# I. M .s. Shower screen



## El carajillo (Mar 16, 2013)

Having purchased a 35 micron shower screen in the group buy, I thought I would relate my findings.

Wondering what if any advantage the screen would have I can now say it drastically reduces the coffee residue going back through the head and vent into the drip tray.The only component I have found inside the screen and on the head is a light brown stain from the coffee (liquid) but no grounds or fines at all. Stripping the E 61 head down and its valves there were no traces of fine's or grounds at all. A worthwhile purchase:good:


----------



## marcuswar (Aug 19, 2013)

Thanks for posting El carajillo. I also bought one and have it fitted but hadn't noticed much difference for good or bad, but if its having a positive effect on the cleanliness then that's a good thing


----------



## kikapu (Nov 18, 2012)

Same here not noticed any difference shot wise but when I back flush hardly any coffee is removed (as its not there) also very easy to wipe and remove all coffee from the screen


----------



## gman147 (Jul 7, 2012)

Overall by the time the water saturates the puck prior to pour there isn't much difference showing via a naked PF. However, you can see that water dispersion is more uniform without a PF in-situ; therefore in theory, there should be a more uniform extraction. I think for the price, it's a very worthwhile 'upgrade'.


----------



## Kyle548 (Jan 24, 2013)

What machine do these fit?


----------



## kikapu (Nov 18, 2012)

Kyle548 said:


> What machine do these fit?


Think pretty much all. Ask Charliej he organised the group buy and has the details of the different types avaliable


----------



## El carajillo (Mar 16, 2013)

If you look back at the group buy there is a link to the company and their products and all fitments.


----------



## Kyle548 (Jan 24, 2013)

I checked it, but that doesn't really help when I'm not certain of group specifics.


----------



## aaronb (Nov 16, 2012)

Kyle548 said:


> I checked it, but that doesn't really help when I'm not certain of group specifics.

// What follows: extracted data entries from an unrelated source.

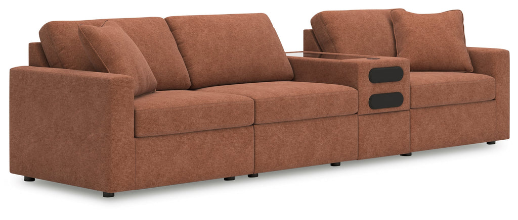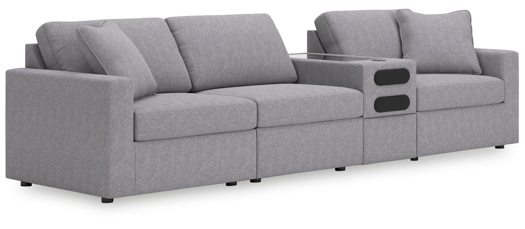 Includes 4 modular pieces: left-arm facing corner chair, armless chair, audio console with storage and right-arm facing corner chair"Left-arm" and "right-arm" describe the position of the arm when you face the pieceModular pieces can float anywhere; sides are finished (with no connectors)Corner-blocked frame; loose reversible seat and back cushions; high-quality foam cushions wrapped in poly fiberThrow pillows included; soft polyfillPolyester upholsteryNext-Gen Nuvella™ is a family-friendly fabric that is soft, easy to clean, stain-resistant and durable; easy-to-remove zippered covers for machine washingClean fabric with mild soap and water, let air dry; for stubborn stains, use a solution of 4 oz. bleach to 28 oz. waterNon-skid legsConsole with removable plexiglass top; pull-out drawer for storage; built-in audio sound system with wireless connectivity; audio controls located on console; USB chargingPower cord included; UL ListedPlatform foundation system resists sagging 3x better than spring system after 20,000 testing cycles by providing more even supportSmooth platform foundation maintains tight, wrinkle-free look without dips or sags that can occur over time with sinuous spring foundations.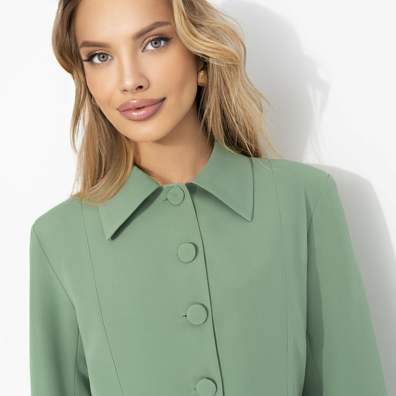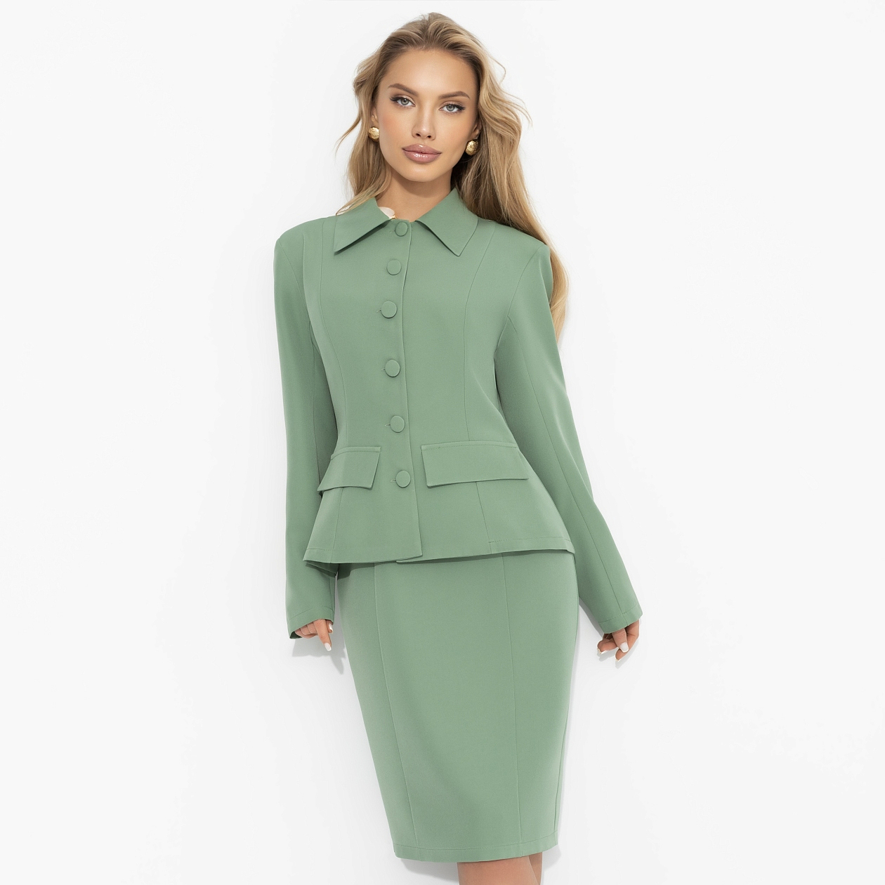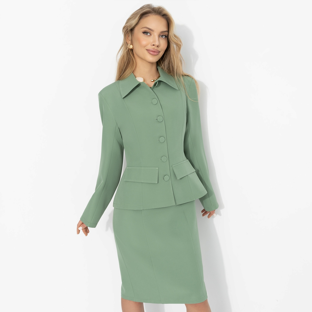 В этом образе от ЧАРУТТИ чувствуется намек на стиль Кэролин Бессетт-Кеннеди – безупречная простота, чистая линия, никакой показной роскоши. Мягкий шалфейный оттенок звучит интеллигентно и спокойно, приталенный жакет формирует талию, платье футляр собирает силуэт. Ткань с эластаном держит форму и строгость линий. Всё по правилам – но с тем самым тонким вкусом, который невозможно подделать.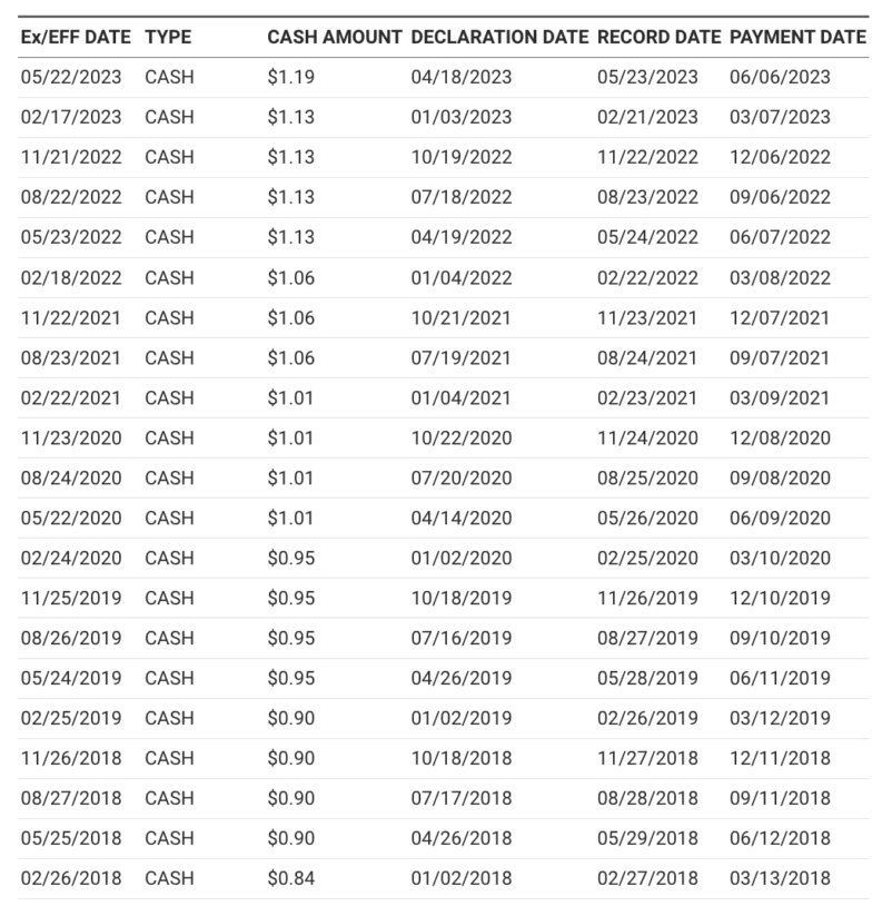 The US healthcare giant JNJ has a strong history of dividends that have continuously grown over a number of years. According to Dividend.com, JNJ’s dividend has increased consecutively for 62 years.

it's all available on the following site:

http://www.espressoservices.co.uk/ims_filters_and_showers.html


----------



## aaronb (Nov 16, 2012)

but woven or integrated???

that is the question!


----------



## marcuswar (Aug 19, 2013)

I think most people went with woven. No idea what benefits one has over the other though


----------



## marcuswar (Aug 19, 2013)

Actually just checked the website and I think it was the integrated one I got not the woven.


----------



## Mrboots2u (May 10, 2013)

I have the integrated on the l1 , the water dispersal pattern looks very pretty and looks more even that the stock one .

I'm not sure I can tell any significant difference in the cup though


----------



## garydyke1 (Mar 9, 2011)

They were a PITA on the sage, the seal between portafilter and group head was compromised to the extend that coffee would make its way onto the group-seal after every shot and require loads more cleaning . I reverted to the standard Sage one and all is good again, minimum clean-up.


----------



## The Systemic Kid (Nov 23, 2012)

Mrboots2u said:


> I have the integrated on the l1 , the water dispersal pattern looks very pretty and looks more even that the stock one .
> 
> I'm not sure I can tell any significant difference in the cup though


With Boots - no problems with the IMS on LI - water dispersion is very even.


----------



## Charliej (Feb 25, 2012)

garydyke1 said:


> They were a PITA on the sage, the seal between portafilter and group head was compromised to the extend that coffee would make its way onto the group-seal after every shot and require loads more cleaning . I reverted to the standard Sage one and all is good again, minimum clean-up.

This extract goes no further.